1988年12月肺炎のため神戸市東灘区で85歳で死去

小磯良平の有名作品

・「T嬢の像|1926年」

東京美術学校在学中に帝展特選に選ばれた作品です。小磯良平が23歳で制作した作品ですが、既に独自の作風が感じられます。着物を着て一人掛けソファに座っている女性を描いていて、彼らしい全体的に落ち着いた色合いで、品のある空気感が魅力の作品です。神戸市出身のため、兵庫県立美術館に所蔵されています。

・「日本髪の娘|1935年」

韓国国立中央博物館に李王家の日本美術コレクションとして所蔵されている作品です。

フランス留学の影響を受けた頃の作品で、日本髪で前かがみで西洋ソファに座る女性が描かれています。日本髪の女性の凛としたあでやかな雰囲気が感じられる作品となっています。

・「着物の女|1936年」

フランスから帰国した頃の作品です。着物でゆっくりソファに寛ぐ女性が描かれています。やわらかな空気感の中に、しっかりとした構図の女性が配置され、着物の色合いの美しさと女性の品が感じられる作品です。

神戸市立小磯記念美術館に所蔵されています。

・「斉唱|1941年」

従軍画家としても従事していた小磯良平の作品です。楽譜を手に斉唱する若い女性たちの表情を描いた作品として有名です。群像画の傑作と言われていて、兵庫県立美術館に所蔵されています。

作品が見られる場所を紹介

小磯良平の作品が見られる美術館は、兵庫県や東京その他に多くあります。

神戸市出身のため、「兵庫県立美術館 小磯良平記念室」で、多くの作品を見ることができます。

「彼の休息|1927年」が「東京藝術大学大学美術館」に所蔵されていて、「練習場の踊り子達|1938年」が東京国立近代美術館にあります。

「二人の少女|1946年」は「神戸市立博物館」に所蔵され、「働く人びと|1953年」が三井住友銀行に所蔵されています。
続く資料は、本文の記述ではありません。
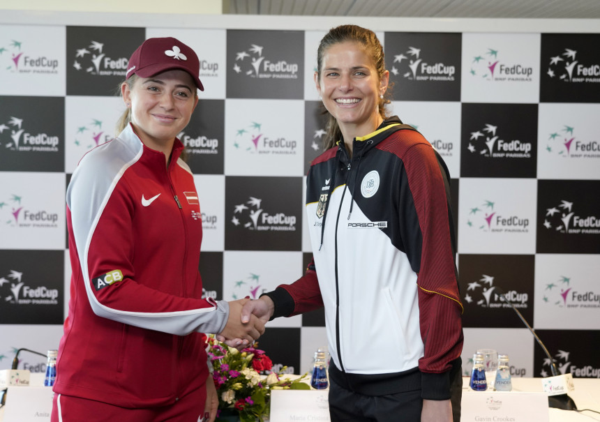 Latvijas un Vācijas sieviešu tenisa izlašu Federāciju kausa divcīņu ievadīs Aļonas Ostapenko un Andreas Petkovičas duelis, bet otrajā mačā spēkosies Diāna Marcinkēviča un Jūlija Gērgesa.

「婦人像|1960年」は、元宝塚歌劇団の女優八千草薫がモデルを務めた作品です。「神戸市立小磯記念美術館」で見ることができるでしょう。

「絵画|1974年」「音楽|1974年」は赤坂迎賓館にあり赤坂迎賓館の大ホールにて展示されています。

晩年の作品としては、「KOBE, THE AMERICAN HARBOUR|1985年」が「兵庫県公館」に所蔵されています。

小磯良平の作品の売却は可能?買取査定はどのくらいなのか

小磯良平の作品は、高いデッサン力による絵画作品が人気です。油彩だけでなく、デッサン(素描)も売却時には人気となっています。

売却時高額買取査定となるのは、女性を描いた作品です。特に油絵では、晩年に女性を描いた作品が、高い買取査定の傾向があります。

また、水彩やデッサンなどの紙に描かれた作品は、作品によって油絵よりも高い買取査定のものがあっておすすめです。また、版画作品(銅版画、リトグラム)も高く、特に銅版画の人気があり、買取査定時に高い傾向です。

銅版画で数万円~30万円、リトグラムで数万円台となります。「舞妓」や「バレリーナ」などは人気で、「バレリーナ|1968-69年」は、銅版画のエッチングで制作された作品では25万~30万円の高額買取査定が望めるでしょう。細かな線で力強く描かれていて、高いデッサン力が見られるため高評価となっています。

まとめ

小磯良平の作品の特徴と魅力について紹介しました。若くして才能を開花させ、フランスに憧れ、欧州絵画の古典的な技法を日本洋画にもたらした画家です。高いデッサン力があり、そうした基礎から日本洋画を発展に導いたと言えるでしょう。

デッサン力が高く、彼の描く女性画、群像画は、落ち着いた色彩の中に、気品のある雰囲気があって人気です。

今、高額で買取査定してもらえる所を探すのも良い方法ですし、もっと高く売れる状況を待って売却をすることも可能です。

ぜひ、紹介した小磯良平の魅力をよく知った上で、買取査定と売却について検討されることをおすすめします。